Match #8: PWG World Tag Team Titles: Ladder Match: Player Uno and Stupefied © vs. Adam Cole and Kyle O’Reilly vs. Matt and Nick Jackson
The Young Bucks attack everyone before the opening bell. Uno knocks Nick off the apron and into the third row. Everyone starts brawling around ringside, with multiple chairs being used. O’Reilly back drops Matt onto a propped chair. Nick takes out Stupefied with a plancha. O’Reilly back drops Nick onto the apron. Uno just hurls a chair at Nick. Matt powerbombs O’Reilly from the apron into the second row. Cole brings a ladder into play. Stupefied lands a dive to the floor onto Nick. Cole powerbombs Matt onto the ladder. Uno dropkicks the ladder into Cole but O’Reilly returns the favor. In the ring, O’Reilly and Stupefied stop each other from climbing. Nick lands some insane dive to the floor. Matt powerbombs Uno and hits a ladder-assisted sliced bread. Cole enzuigiris both Young Bucks. He german suplexes Nick into a propped ladder. The Super Smash Brothers stop Future Shock from climbing the ladder with chair shots. Uno suplexes Cole onto the ladder and then poses with Stupefied. The SSB hit a double stomp-side slam combination on O’Reilly onto the edge of two chairs. The Young Bucks take over with a series of clotheslines. Nick airplane spins with the ladder. He purposely levels Rick Knox with the ladder.

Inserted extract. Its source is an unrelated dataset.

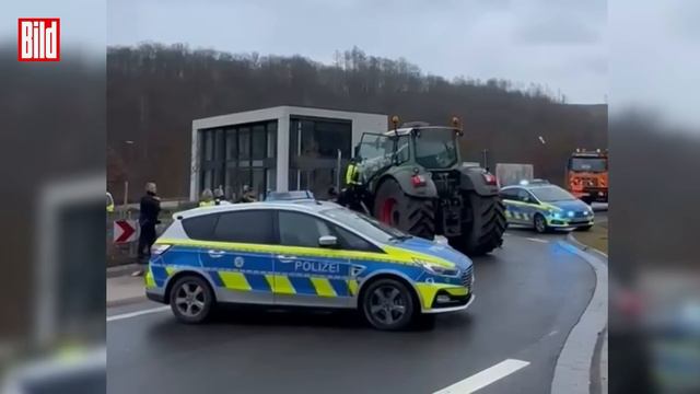Traktor durchbricht Polizei-Sperre

The SSB hit an alabama slam-backcracker combination on Matt. Knox is carried to the back, bleeding from his head. O’Reilly hits a saito suplex on Stupefied but gets taken out by stereo superkicks from the Young Bucks. They hit a tandem tombstone on Cole. Uno sets up a table at ringside. Cole brainbusters Uno through a propped chair. Stupefied pele kicks Future Shock from the rungs of the ladder. Nick hits Stupefied with a sledgehammer. Future Shock superplex Nick from a ladder through a table. The SSB sandwich Cole in a ladder and suplex O’Reilly into him. Matt DDTs O’Reilly onto the apron and Nick splashes him through the table at ringside. The Young Bucks take out Uno and Cole with superkicks. They start climbing but Rick Knox pushes over the ladder! Knox stops the SSB from diving and TAKES OUT THE YOUNG BUCKS WITH A DIVE! The SSB retrieve the belts and retain their titles at 23:55.

Over their nine years of existence, PWG has garnered quite the reputation, particularly for the fun environment that they’re able to create at every show due to a crowd that has no problem investing themselves in the action because the match quality is so good. This main event perfectly encapsulated the previous statement. In a time where ladder matches happen quite a bit, it’s difficult to “reinvent the wheel” every time. However, I witnessed spots in this match that I’ve legitimately never seen before. Honestly, this stuff has to be seen to be believed. Sure, we can point out some moments of miscommunication and there were times when teams didn’t go for the belts when they had the chance, but I think you can discount those criticisms when looking at this match as an overall package. Finally, the Rick Knox involvement could not have been more epic. Unless you’re totally put-off by weapons, this is required viewing and my PWG match of the year thus far. ****½

The 411: Recent PWG anniversary shows have been stellar, and Threemendous III is no different. Saying that “five out of the eight matches cracked three stars” would be completely misleading here. Those five matches all delivered in a huge way, especially the two title matches. In fact, I think it’s safe to call the main event one of the best matches of the year from any promotion. Additionally, those five matches all brought something different to the table. Threemendous III wraps everything that there is to love about PWG into one package and the show earns a high recommendation.